I loved, too, the focus on not borrowing trouble from tomorrow, coupled with the acknowledgement that "seeing that it is unreasonable to worry does not stop worrying." For 20-plus years, I have heard Chicago Tribute journalist Mary Schmich's now-famous commencement address as the soundtrack of my life. Though her words have stuck for decades now, and only ring truer by the year, it is her bit on worry that first stuck in my craw back in college: "Don't worry about the future; or worry, but know that worrying is as effective as trying to solve an algebra equation by chewing bubblegum | The real troubles in your life are apt to be things that never crossed your worried mind." I think she and Watts would have gotten on famously.
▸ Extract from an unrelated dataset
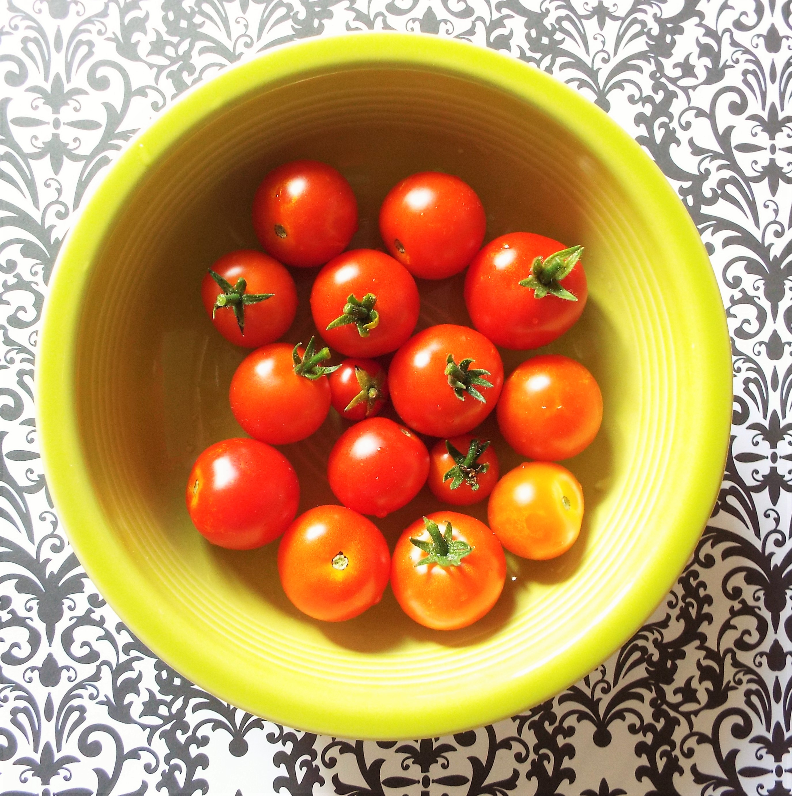 Our first crop of tomatoes (can you find all 15?) with a fun background.

My one disagreement with Watts occurred when I read “in moments of great joy we do not, as a rule, stop to think, “I am happy,” or “this is joy.” I thought, oh, but I do. And then I read his caveat: unless there is some anxiety that it will go away. Ah, yes, that....because even in my moments of joy, I cannot wholly escape my neuroses. How many moments have I thought, "I want to remember this," or (worse?) "I wish this moment could last forever?" Too many to count, if I'm honest. 

Ultimately, if Jerry Maguire had Dorothy at hello, Watts had me from his own hello, "by all outward appearances our life is a spark of light between one eternal darkness and another." Or, as Abraham Verghese wrote in Cutting for Stone in what is still one of my favorite literary lines: "We come unbidden into this life and if we are lucky we find a purpose beyond starvation, misery, and early death which, lest we forget, is the common lot."

Consciousness does seem to be nature’s ingenious mode of self-torture.